*Provided data*.
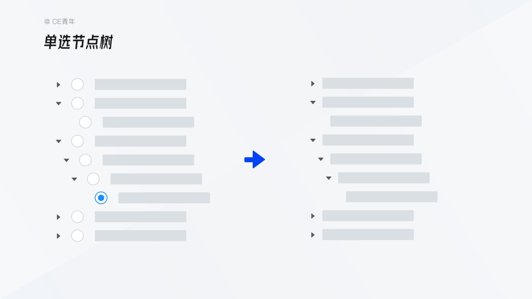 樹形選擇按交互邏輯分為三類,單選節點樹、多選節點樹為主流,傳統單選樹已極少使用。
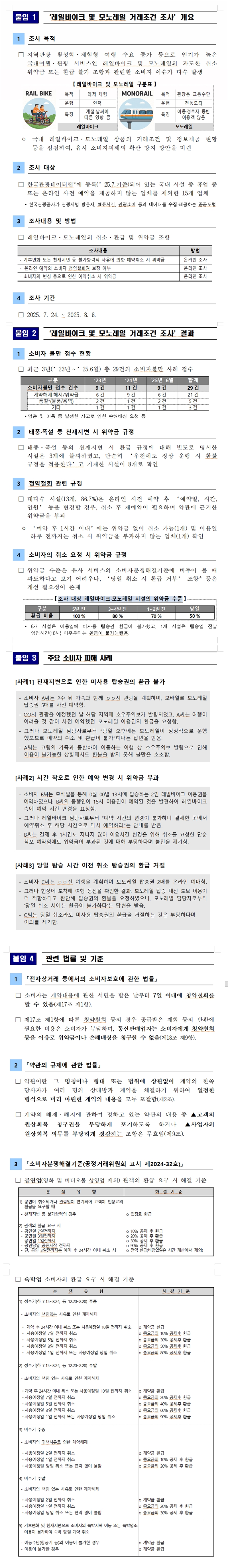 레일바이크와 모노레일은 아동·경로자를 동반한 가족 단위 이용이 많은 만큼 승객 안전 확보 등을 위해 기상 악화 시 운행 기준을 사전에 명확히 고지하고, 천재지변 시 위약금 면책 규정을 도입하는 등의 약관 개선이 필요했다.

* * *

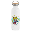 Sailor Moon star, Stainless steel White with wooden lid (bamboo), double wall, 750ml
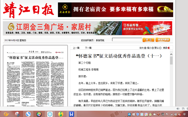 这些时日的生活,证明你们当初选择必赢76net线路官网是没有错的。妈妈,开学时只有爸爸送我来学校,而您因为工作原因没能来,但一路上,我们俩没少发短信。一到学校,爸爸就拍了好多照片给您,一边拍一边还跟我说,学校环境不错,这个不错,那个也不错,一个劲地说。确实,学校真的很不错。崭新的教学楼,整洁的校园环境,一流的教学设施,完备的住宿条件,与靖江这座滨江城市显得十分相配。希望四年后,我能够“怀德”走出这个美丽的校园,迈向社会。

---

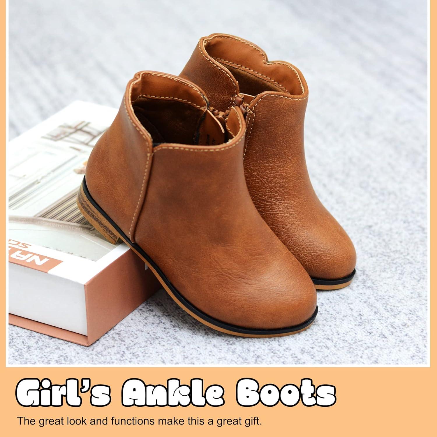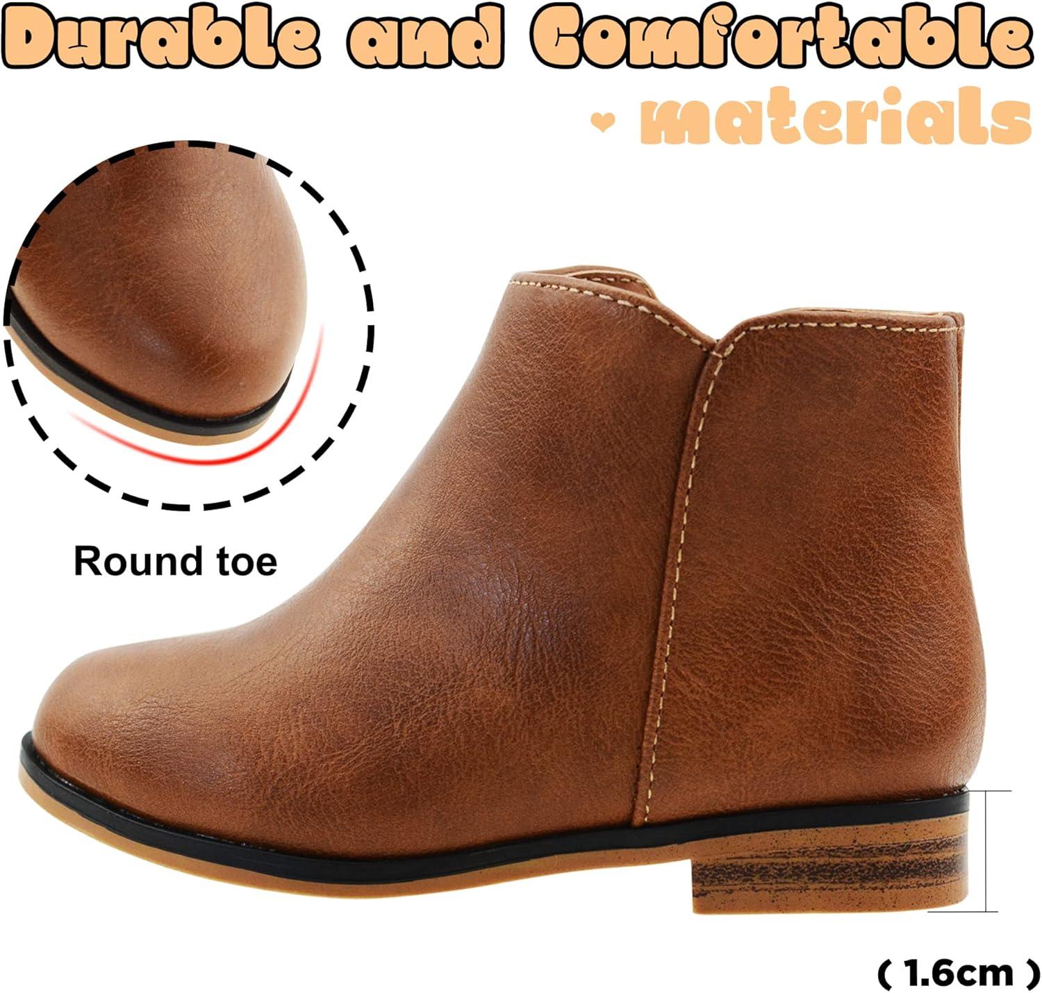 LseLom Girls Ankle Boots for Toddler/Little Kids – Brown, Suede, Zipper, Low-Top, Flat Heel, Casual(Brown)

*Exercise goal*.
Lines from the one above containing "樹形選擇按交互邏輯分為三類,單選節點樹、" down to the one containing "레일바이크와 모노레일은 아동·경로자를" should be transcribed exactly, with both ends kept and no pictures.

*Task output*.
 樹形選擇按交互邏輯分為三類,單選節點樹、多選節點樹為主流,傳統單選樹已極少使用。
 레일바이크와 모노레일은 아동·경로자를 동반한 가족 단위 이용이 많은 만큼 승객 안전 확보 등을 위해 기상 악화 시 운행 기준을 사전에 명확히 고지하고, 천재지변 시 위약금 면책 규정을 도입하는 등의 약관 개선이 필요했다.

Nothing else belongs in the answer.